Влияние Василия является символом морального эстетизма, постоянно наблюдающего за всем, что физически прекрасно, и поддерживающего двойственность между моралью и упомянутой красотой; философия, которая «выступает за здоровый баланс между нашим внутренним и внешним я. Уайльд часто заставляет Бэзила постоянно использовать прилагательные, которые обычно относятся к характеристикам личности, когда речь идет о физической красоте. Базиль находится в центре этого иронического сопоставления, часто сочиняя монологи о красоте, а затем ссылаясь на личность Дориана (13). Более глубокий уровень этого заключается в неспособности Василия отделить Дориана от портрета во второй главе, где он заявляет, что «как только ты (Дориан) высохнешь, тебя покроют лаком, вставят в раму и отправят домой» (25).

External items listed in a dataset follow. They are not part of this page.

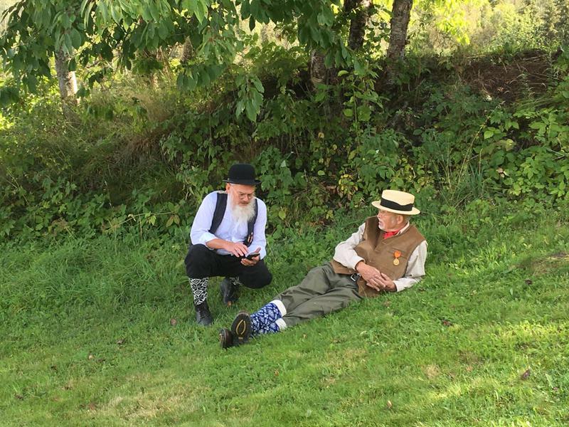 Hva passer da bedre enn et tilbakeblikk på sommeren. Helst skulle vi sett noen barmfagre og brunstige budeier som gjorde seg lekre i timoteien, men de er jo flotte disse to karene her også. Og ikke minst er er de verdige representanter for alle de fargerike folkene vi har i klubben vår, herrene Paulsen & Holm. Skal prøve å lure dem til et tilsvarende vinterbilde på samme sted og i samme antrekk.
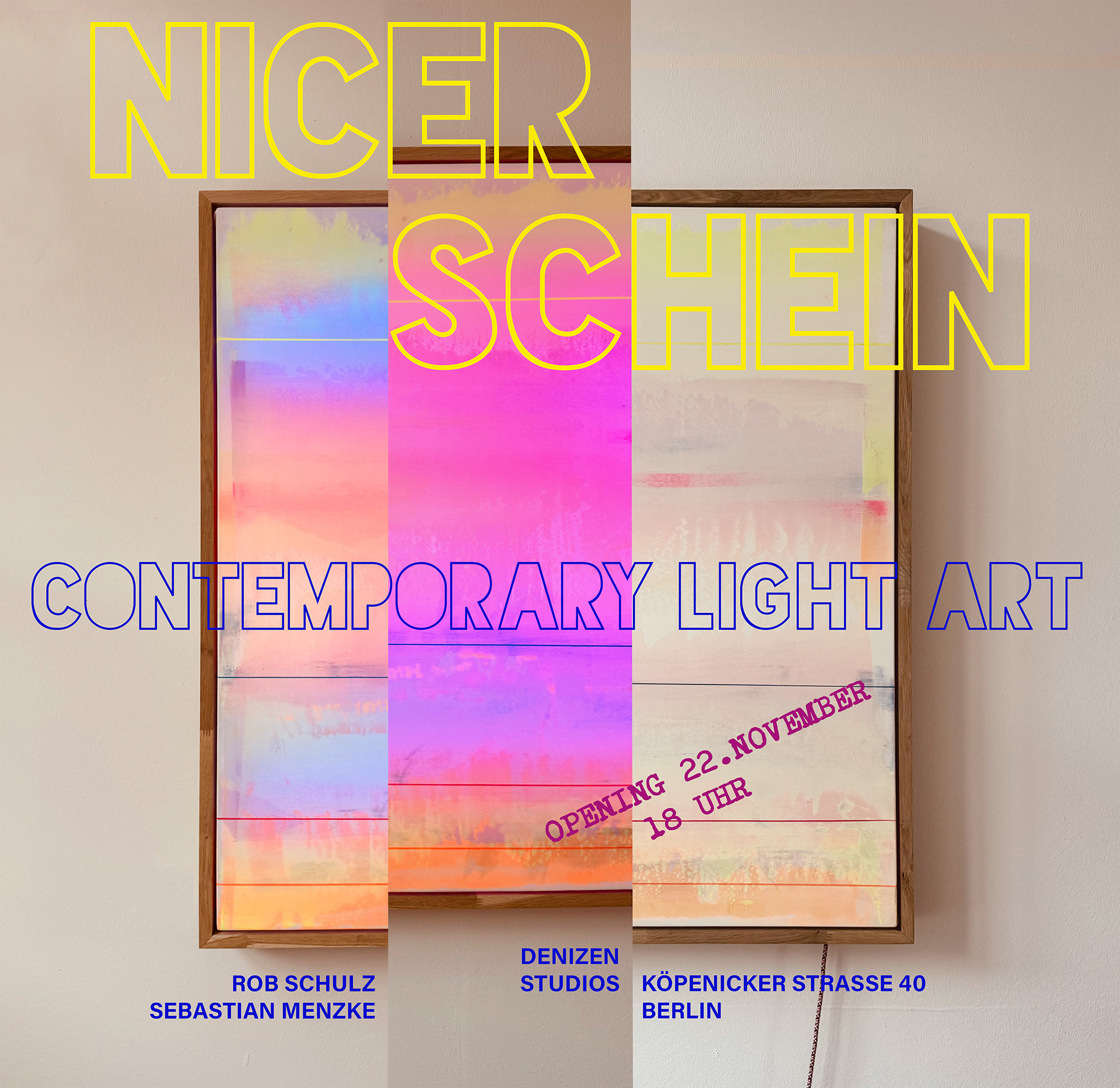 Join us for an exclusive pop-up vernissage showcasing contemporary light art in a unique setting. Experience "Nicer Schein" on November 22nd, starting at 6 PM, at Denizen Studios, Köpenicker Straße 40, Berlin.
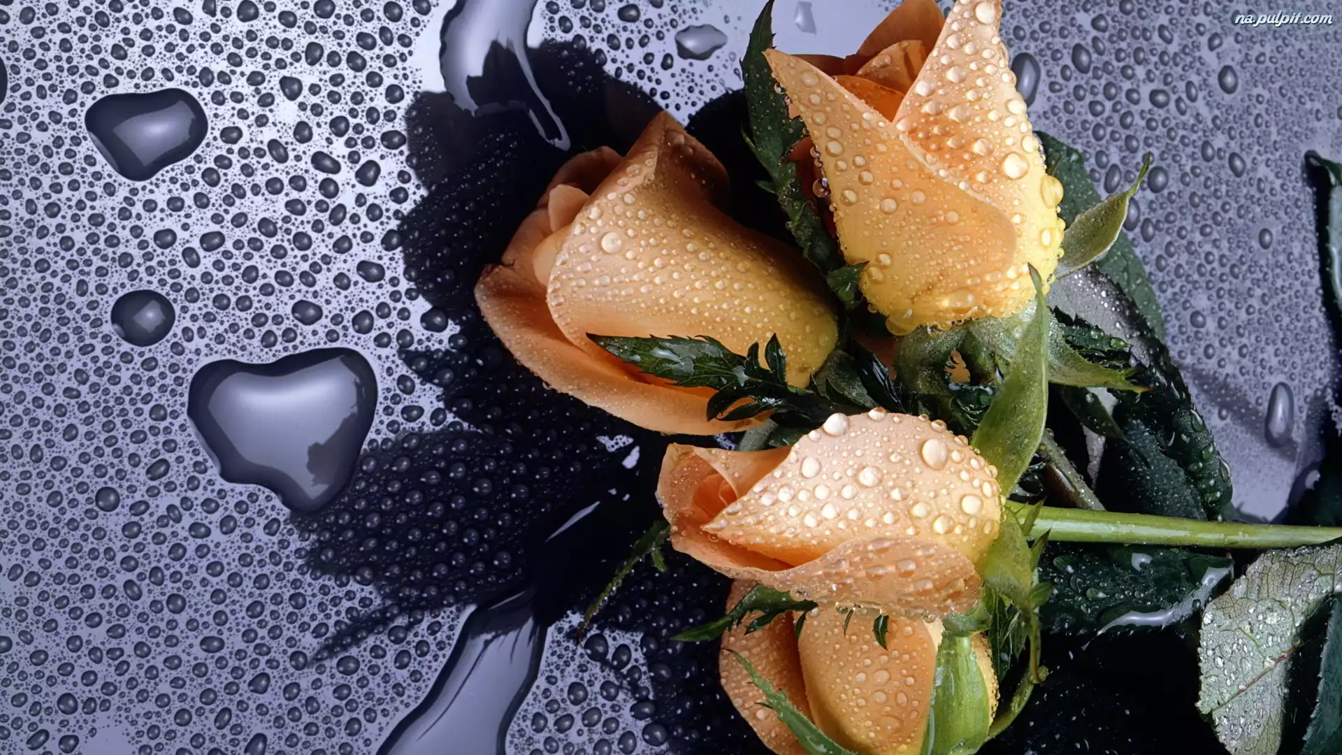 Deszczu, Róże, Herbaciane, Krople Na Pulpit
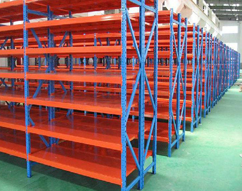 货架由立柱、横梁、横撑、斜撑以及层板组合而成,尼龙自锁螺栓有效防 止螺栓松动后引发货架失稳,立柱冲有双排菱型孔,同时,由于使用横梁形 式,其层高可50mm调整,增加存储的灵活性。层板可由钢层板、木层板及钢 网等构成,层板铺设在横梁之间,具有极大的承重量,充分节省空间,适合小 批量、多品种、小物品存放及人工储存。
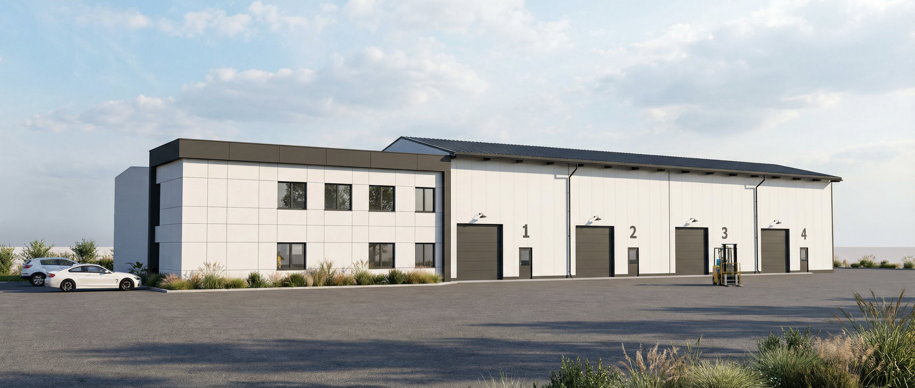 the left and right modules have white standing seam wall cladding and white roof while the middle part should have black standing seam meatal cladding and black roof
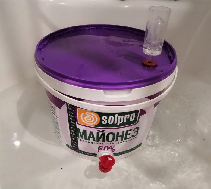 Ферментёр тщательно моем, обрабатываем антисептиком, наливаем в гидрозатвор кипячёной воды и сливаем остывшее сусло в него из котла и берем каплю сусла для измерения в нем плотности, забыла сфотографировоть, была равна 13.

Именно эта драматическая ирония и обращение с портретом как с автономным существом закладывает основу для симбиотических отношений, которые Дориан развивает с портретом как отражением своей души и предложением портрета, выступающего в качестве соперника, Дориана. ревнует и не может преодолеть или убежать. Например, портрет на короткое время действует как моральный компас, отражающий душу после смерти его невесты Сибил Вейн, когда Дориан осознает основную природу портрета; «Но здесь был видимый символ деградации греха. Это был вездесущий знак погибели, которую люди навлекли на свою душу» (78). Дориан делает вывод, что если он может сохранить красоту портрета незапятнанной, то он успешно сохранил чистоту своей души (78). Здесь Уайд исследует свое алхимическое сочетание эстетизма и христианской нравственной добродетели, используя портрет в качестве меры для обнаружения греха.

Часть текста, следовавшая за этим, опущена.